A flexible fluorescent sensing strategy for the recognition and detection of bisphenol A (BPA) has been proposed based on molecularly imprinted polymers (MIPs)-coated gold nanoclusters (AuNCs), by taking advantages of the high selectivity of MIPs and the strong fluorescence property of AuNCs. SiO2@AuNCs were initially prepared by making use of the powerful amido bonds between carboxyl-terminated AuNCs and amino-functionalized SiO2 nanoparticles. Then MIPs-coated AuNCs were formed by anchoring MIP layer on the surface of SiO2@AuNCs via a sol–gel process. In the presence of imprinting template BPA, a Meisenheimer complex could be formed between BPA and the primary amino groups on the surface of the AuNCs, and the photoluminescent energy of AuNCs would be transferred to the complex, and thereby result in the fluorescence quenching of AuNCs. The fluorescence-quenching fractions of the sensor presented a satisfactory linearity with BPA concentrations over the range of 0–13.1μM and the detection limit could reach 0.10μM. Distinguished selectivity was also exhibited to BPA over other possibly competing molecules.

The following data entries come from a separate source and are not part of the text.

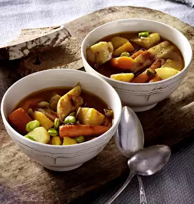 Heat oil and butter in a roasting pan. Fry onion, garlic and celery for about 4 minutes. Add prepared vegetables and mix everything together. Stew in a closed roaster for about 5 minutes. Season with cumin, coriander and chilli. Add the stock, bring to the boil and simmer for about 15 minutes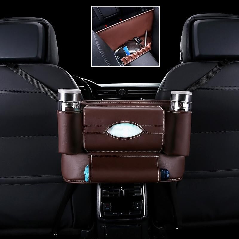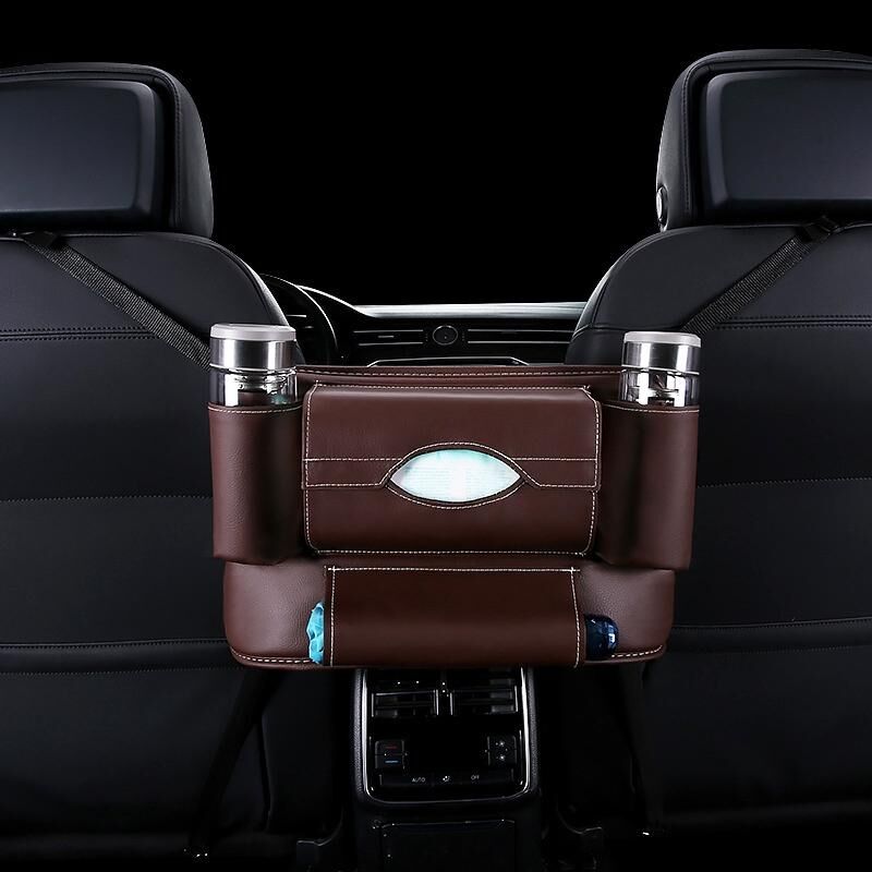 Car Front Seat Hanging Bag Paper Towel / Water Cup Storage Bag(Coffee)
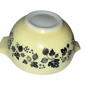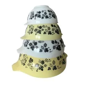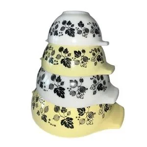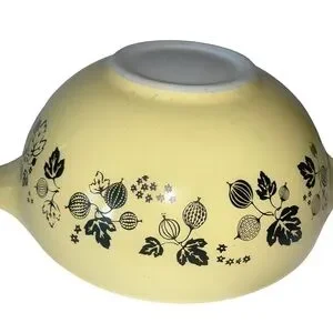 Stunning complete set of PYREX Yellow Gooseberry Cinderella nesting mixing bowls. This is a rare and highly sought-after collector’s set, featuring the full range of sizes with the iconic Cinderella pouring lips and handles.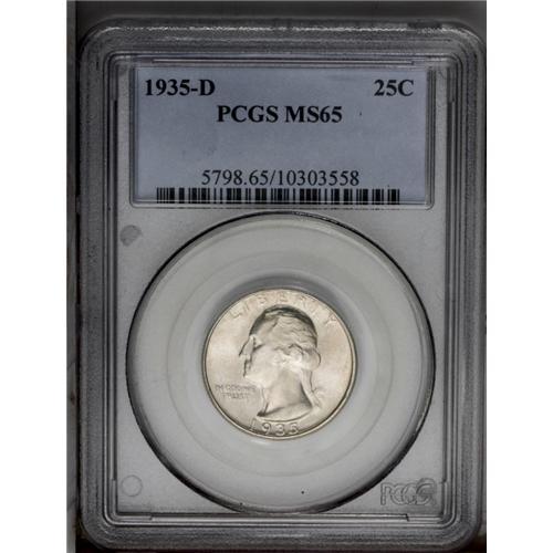 1935-D 25C MS65 PCGS. A satiny-white Gem that features 1935-D[25C] MS65 PCGS.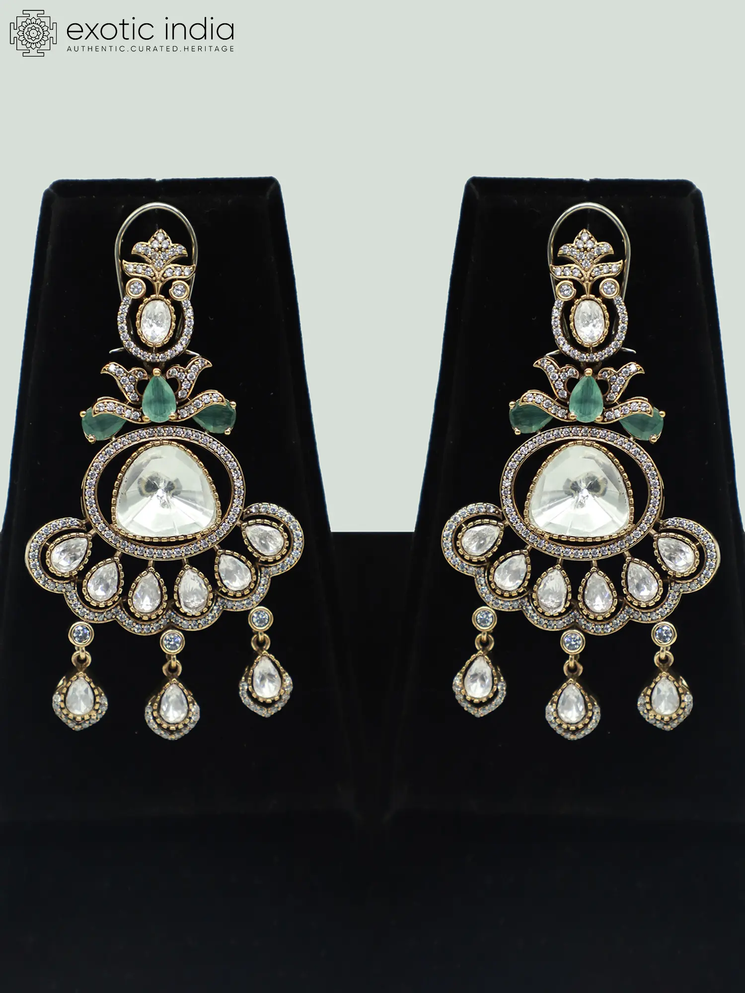 Designer Heavy Necklace Set With Moissanite Kundan And Earrings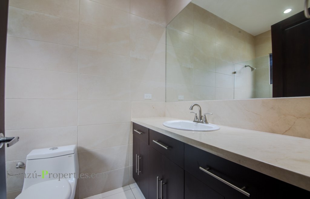 La zona privada alberga tres habitaciones de generosas dimensiones, con suficiente espacio para añadir sofás, escritorios o elementos decorativos. La habitación principal cuenta con con baño privado, doble lavabo y una tina tipo jacuzzi que invita al descanso. Todas las habitaciones lucen un piso de madera impecable, que aporta calidez, elegancia y una sensación hogareña única.

Moreover, the sensor was successfully applied to determine BPA in seawater, and the average recoveries of BPA at three spiking levels ranged from 91.3 to 96.2% with relative standard deviations below 4.8%. This AuNCs-MIPs based sensor provided great potentials for recognition and determination of phenolic environmental estrogens in complicated samples.